Run smail as a daemon by having a system startup script run the following:
/path_to_smail/smail -bd -q10m
The -bd option causes smail to run as a daemon; -q10m tells it to process the message queue every 10 minutes. If you do light mailing (or do a lot during a solid block of time), consider increasing this, perhaps to two hours or more with a command line option like -q2h. When a connection to the SMTP port is detected (such as when UUCP hands off the latest batch of local mail), smail will fork and handle the SMTP connection.
When smail gets a wake-up call from a mailer (like rmail, for incoming UUCP deliveries, or elm, for outgoing messages), it looks in the file /etc/smail/routers to see what to do with the message. Here's my file:
# /etc/smail/routers
smart_host:
driver=smarthost,#What do I do with nonlocal mail?
transport=uux; # Deliver it via UUCP-path
# to the machine specified with the
# smart_path option in ./config
Upon receiving a message intended for a non-local address, smail checks this file. It sees it is to use the smart_host, which is defined in /etc/smail/config as sloth, the ISP's machine. The message is to be forwarded to sloth using the transport option, which is set to uux. uux is another program in the UUCP suite that queues the message with instructions to run mail in the UUCP spool to await the next UUCP connection.
Local mail is handled partially by an entry in the /etc/smail/directors file. The purpose of the directors file is to tell smail about some of the special options available locally, such as aliasing, forwarding to another user or to a pipe, or just about anything else you could set up. (Mailing lists on a two-user machine, anyone?) I've cut all but the entries which handle .forward files and the generic “What to do if we have a user who just wants his mail spooled?” scenario. Read the /etc/smail/config.linux/directors file for full gory detail:
# /etc/smail/directors dotforward: # general-purpose forwarding director driver = forwardfile, # problems go to the site mail admin owner = Postmaster, nobody, # sender never removed from expansion sender_okay; # .forward file in home directories file = ~/.forward, # the user can own this file checkowner, # or root can own the file owners = root, # it should not be globally writable modemask = 002, # don't run things as root or daemon caution = daemon:root, # be extra careful of remotely accessible home # directories unsecure = "~uucp:~nuucp:/tmp:/usr/tmp" # user - match users on the local host with # delivery to their mailboxes user: # driver to match usernames driver = user; # local transport goes to mailboxes transport = local
Once a delivery option is matched in directors, the transports file is searched to see what, if any, special options that particular delivery mode requires.

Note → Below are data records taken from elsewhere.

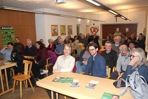 Das Ratszimmer in Aßling war bis auf den letzten Platz besetzt, als am vergangenen Samstag rund 60 Menschen kamen, um Gisela Sengl, die Landesvorsitzende der Bayerischen Grünen, und den Klimaschutzbeauftragten Sebastian Gardt zum Thema Wohnen zu erleben.
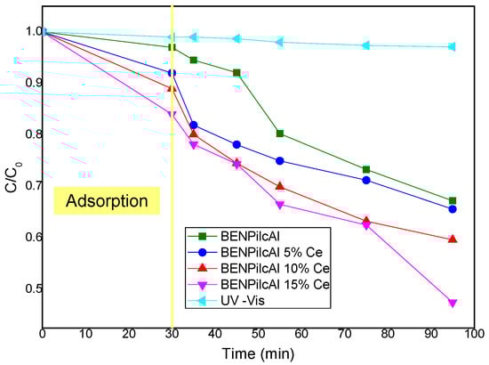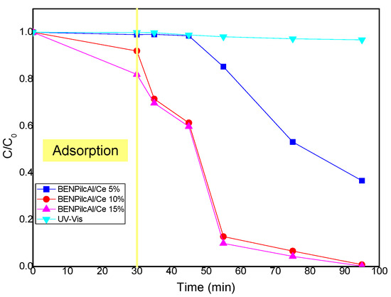 Regarding the BENPilcAl 10 and 15% Ce samples, a slight, more effective degradation process occurred, with more than 50% of the dye concentration degraded for the BENPilcAl 15% Ce sample. This result shows that the amount of cerium contributed to more effective degradation, even accounting for the amount of cerium observed by EDS for the sample impregnated with 15% cerium.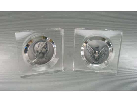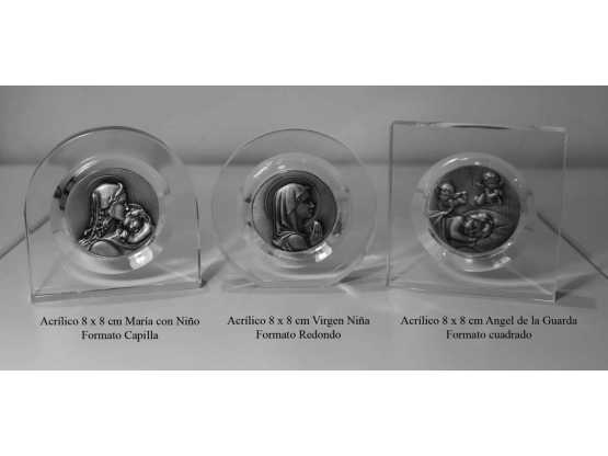 Acrílico 8 cm x 8 cm Medallas María de Perfil y Espíritu Santo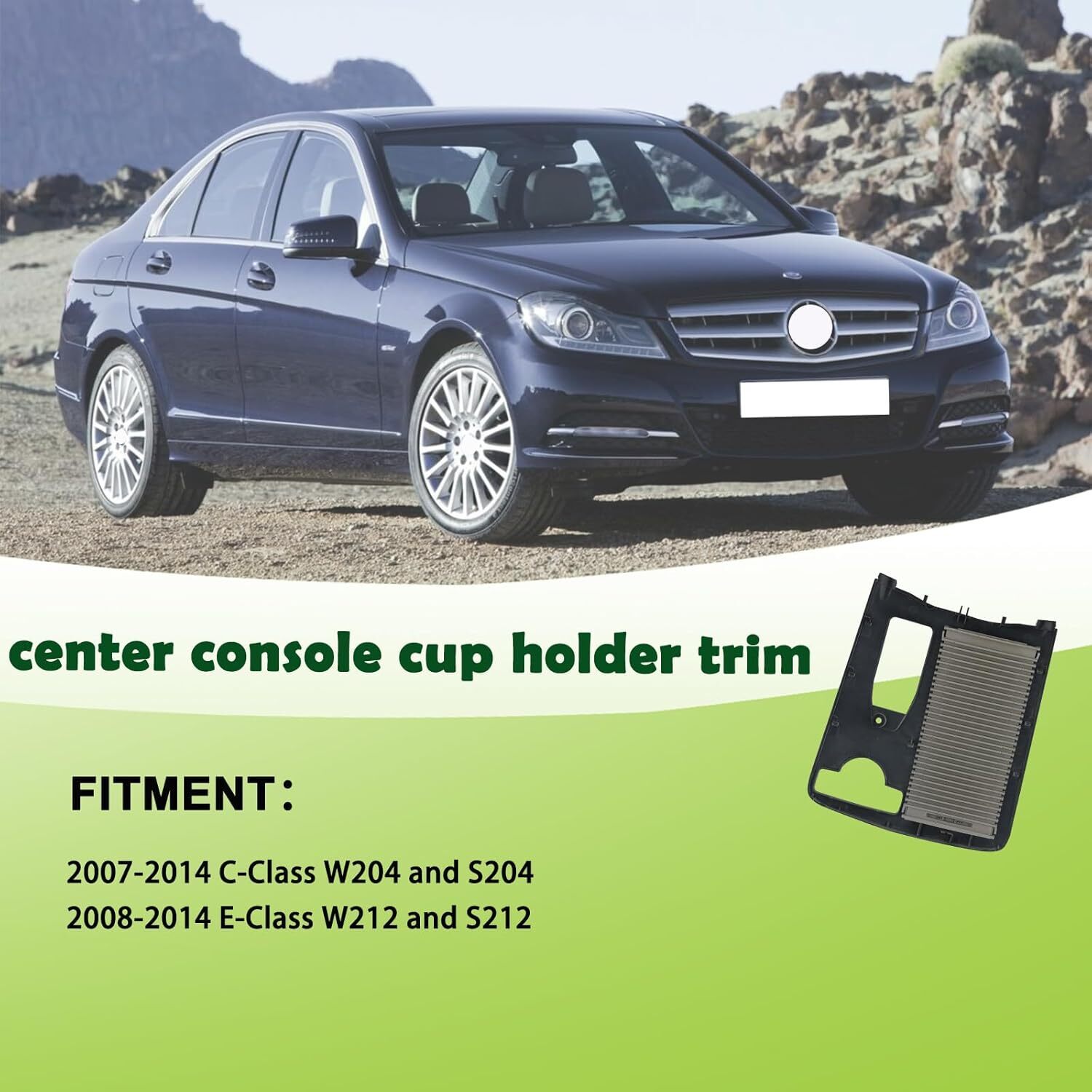 REPLACEMENT PART NUMBER: 2046800107 2046807607 2046804708 COMPATIBLE WITH: The center console cup holder trim slide cover compatible with 2007 2008 2009 2010 2011 2012 2013 2014 07 08 09 10 11 12 13 14 C-Class W204 and S204,2008 2009 2010 2011 2012 2013 2014 08 09 10 11 12 13 14 E-Class W212 and S212,Please refer to the vehicle compatibility above to ensure proper part FEATURES: The cup holder cover frame trim is made of high-quality plastic with strong stability and long lasting durability.Replacement new parts fit perfectly with the car to restore the appearance of your center console and help provide a safer driving experience SERVICE LIFE EASY INSTALLATION: Our center console cup holder tray roller blind cover is not the real original parts,but it uses advanced technology and high-quality materials in line with oem standards,more effective extension of service life,directly replace the old center armrest trim cover,easy to install can save you time and money BUY WITH CONFIDENCE: 1-Year Warranty.If you have any questions or concerns about the center console roller blind cover cup holder cover ,please contact us by email and we will provide you with satisfactory service support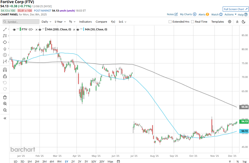 FTV stock has traded consistently below its 200-day moving average since March and climbed above its 50-day moving average since late September, underscoring its previous bearish movement and recent upturn.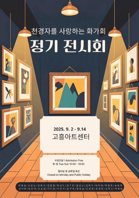 이번 전시는 9월 2일부터 14일까지 고흥아트센터 전시실에서 열리며, 회원 22명이 참여해 유화, 수채화, 한국화, 아크릴, 혼합매체 등 다양한 작품을 선보인다.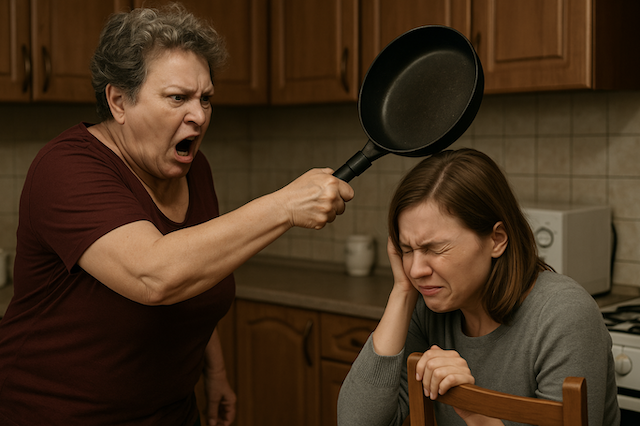 И тут свекровь сорвалась окончательно. Схватила сковороду со стола и ударила Елену по голове.
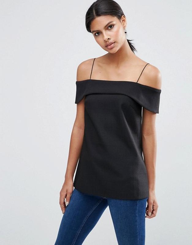 Топ с открытыми плечами от английского бренда Asos. По спинке застегивается на молнию и крючок. Ткань плотная, не тянется. (3032) Размер: 8/36 Полуобхват груди: 44 см Полуобхват талии: 42 см Полуобхват бедер: 51 см Длина изделия: 65 см Состав: 100% полиэстер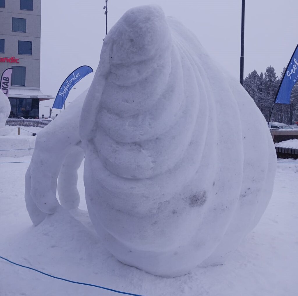 I els van acceptar. Doncs cap a Suècia. En Joan i la Valentina van tenir tres dies i mig per treballar, amb la neu, la seva obra. A l’hora de decidir què representaven, un català i una siciliana ho van tenir molt clar. El Mediterrani els uneix. Els dos tenien un cargol de mà a casa. Van decidir fer un cargol de mar del que surt una mà.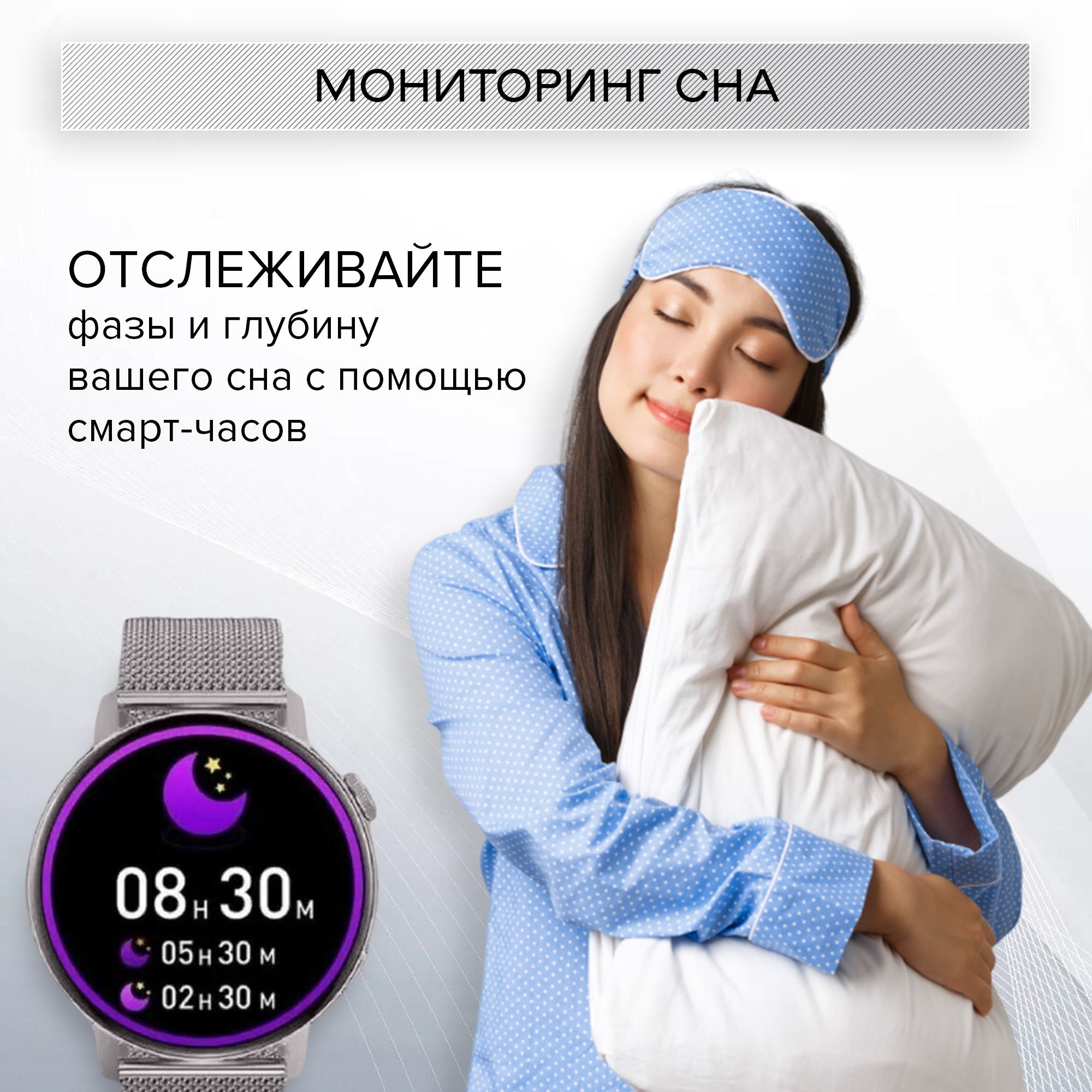 МногофункциональностьИспользуйте гаджет на полную. Много функций облегчают повседневный быт.Мониторинг снаПредусмотрена функция мониторинга сна. Используйте умный браслет на полную. Записывайте и анализируйте свой ежедневный глубокий сон, легкий сон, бодрствование и другие различные состоянияУдобное приложениеУстановите на свой смартфон приложение WearfitPro и синхронизируйте его с часами. Получите доступ ко всем функциям часов, отслеживайте свои показатели, меняйте настройки.

For the trimmed directors file above, the corresponding transports file would be:
# /etc/smail/transports
# append message to a file
local: driver=appendfile,
# include a Return-Path: field
return_path,
# supply a From_ envelope line
from,
# insert > before From in body
unix_from_hack,
# comment out the above line for
# MMDF mailbox format and for
# use with the Content-Length
# header fields.
# use local forms for delivery
local;
# location of mailbox files
file=/var/spool/mail/${lc:user},
# group to own file for System V
group=mail,
# For BSD: only the user can
# read and write file
mode=0600,
# append an extra newline
suffix="
",
# notify comsat daemon of delivery
notify_comsat,
Note that there is no transport for the forwarding option. This is
compiled into smail to send the message on to the forwarding
address, with a few extra headers. Forwarding to a non-local
address would send the message off to the UUCP queue for the next
phone call.
Now that you've set up smail to wait for UUCP to deliver mail from the outside world and to send mail to UUCP for transfer from your machine, you need to tell UUCP when to transfer files. This is most easily done via a crontab entry. Create it by typing su uucp, then typing crontab -e. The resulting file should look something like this:
# Call for transfers
25 0,9,11,13,15,17,18-23 * * *
/usr/sbin/uucico -s sloth
# Trim logfile
35 03 * * * find /var/log/uucp
-size +16k -exec cp /dev/null {} ;
The first line calls sloth every few hours during the day and hourly through prime time. Every afternoon it trims UUCP's logfile, which can grow spectacularly with frequent transfers.